22 December 2011

Rendering from 3ds Max Design 2011 on Amazon EC2

I've posted a few details of my current project to Google+, but never a full-length description. This is my first practical experience with cloud computing, and one of the most enjoyable things I've done in my fourteen years in IT. Perhaps the experience will help others.

Background
My firm is being called on more and more to provide 3D visualizations of our designs. Sometimes it's in the form of a static image. Other clients want an animated walk-through. In the past, we've been able to use our internal equipment to produce this work. But the general-purpose computers we have can take hours to create one frame. Animations consist of thirty such frames each second, which could mean days or weeks of processing for a two-minute video clip.

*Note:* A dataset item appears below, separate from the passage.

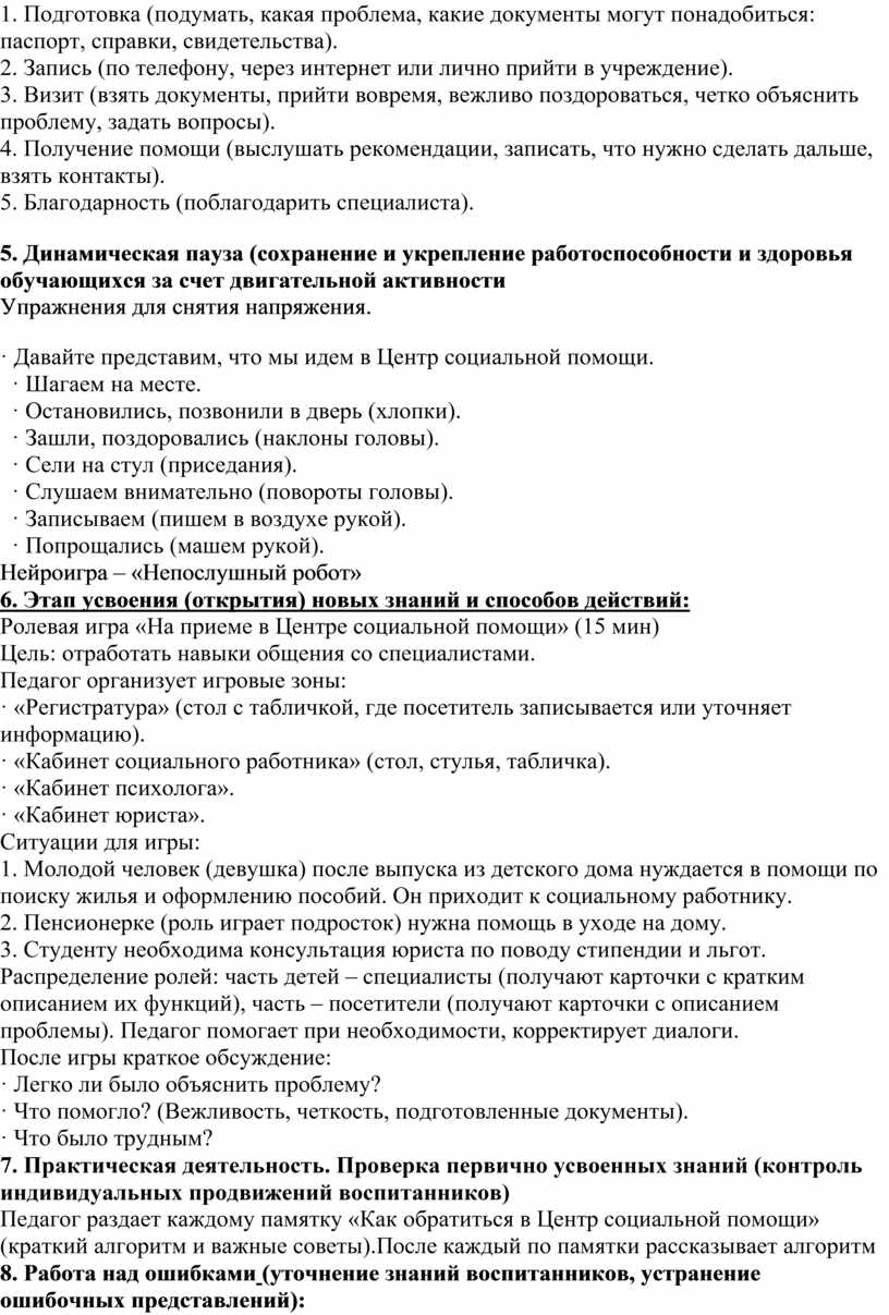 3. Актуализация знаний (припоминание умений, необходимых для текущего занятия - · В любом городе есть специальные организации, которые помогают людям в трудных жизненных ситуациях. Они называются Центры социальной помощи или Управления социальной защиты. Сегодня мы узнаем, как туда обратиться, кто там работает и как получить помощь.

Luckily, modern design software allows you to harness multiple networked computers and put them to work on a single job. Let's say you have ten machines. One of these will function as a "manager", and split your image into multiple chunks. Or in the case of an animation, it will cut it into individual frames. The manager then sends one chunk at a time to each of the nine other computers. These will render the parts they've been assigned, then return the finished work to the manager, which re-assembles the bits. The manager then sends the next nine parts, and the process continues until the job is done. The more nodes you have, the more chunks you can process at once. The more powerful each machine is, the quicker it can process them.

There are plenty of rendering farms on the internet, and they're relatively easy to use. Just upload your scene, maps, materials, and whatever else to their FTP site, fill out a form, buy some time, and let 'er rip. I've used a service like that (RenderTitan) before, and was generally quite pleased with the results. The price, however, was another matter.

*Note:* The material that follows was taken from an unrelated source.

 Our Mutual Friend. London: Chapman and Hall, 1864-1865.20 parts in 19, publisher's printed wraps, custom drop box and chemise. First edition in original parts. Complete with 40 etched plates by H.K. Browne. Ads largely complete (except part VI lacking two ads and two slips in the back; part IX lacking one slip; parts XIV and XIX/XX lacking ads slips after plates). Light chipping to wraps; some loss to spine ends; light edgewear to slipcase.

You see, most of these outfits have you pre-pay by the gigahertz-hour. That was a new term for me, though it's not hard to understand. If you have a 1 GHz machine, a gigahertz-hour is what it costs to run that computer for one hour. A 2 GHz machine costs two gigahertz-hours. A quad-core 2.5 GHz machine costs ten gigahertz-hours. Easy, right?

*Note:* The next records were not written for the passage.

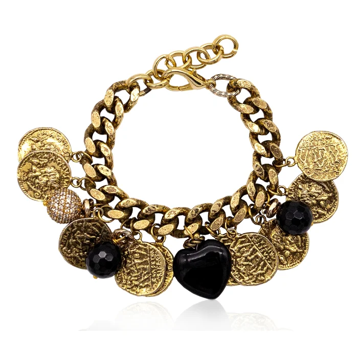 Production Type: Handmade Material: 22 carat gold-plated brass chain, faceted onyx stone Length: 17 cm + 5 cm extension chain
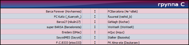 - +40 - группа C - FK Alma-ata (Daukaraev) - Barca Forewer (Hovhannes) 8 : 48
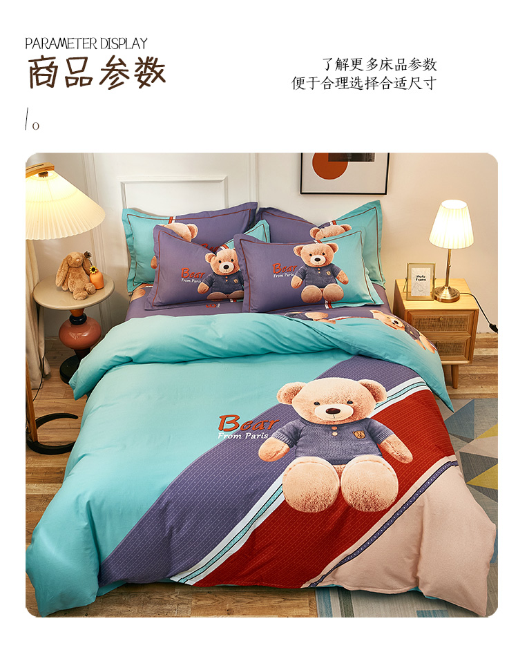 商品名称:雲归梦2021全棉大版生态磨毛四件套卡通花型第1批 宝贝熊绿

This seems like a decent way to measure processing time, but it makes budgeting somewhat complicated. You can, of course, estimate by running a few test frames on a machine, then multiplying that figure by the total number of frames. For example, if it takes three hours to render ten frames on a dual-core 3 GHz computer, you're left with an average of 1.8 gigahertz-hours per frame. If the total animation consists of one hundred frames, you should budget for about 180 gigahertz-hours. But some frames are more complex than others, and take longer to render. Others won't take as long. That's where things get difficult. As I mentioned in the last paragraph, you have to purchase the time in advance. If you run out of "credits" before the job is complete, it will stop. You'll then have to purchase more time, and submit the remainder of the job. And you certainly don't want to pay for more time than you need!

There are other drawbacks to using an off-the-shelf service. It may not support the plugins or special content you use in your model. If something goes wrong, it's difficult (if not impossible) to see if the problem is machine- or file-specific. As a stereotypical control-freak IT guy, I don't like giving up that control. There had to be a better, cheaper way.

Amazon to the rescue
I had heard about Amazon's Elastic Compute Cloud (EC2) previously, but didn't understand what it was or how I could make it work for us. It's embarrassing how long it took for me to grasp the concept of virtualization. I eventually started playing with XenServer internally, which is really what made cloud computing click for me.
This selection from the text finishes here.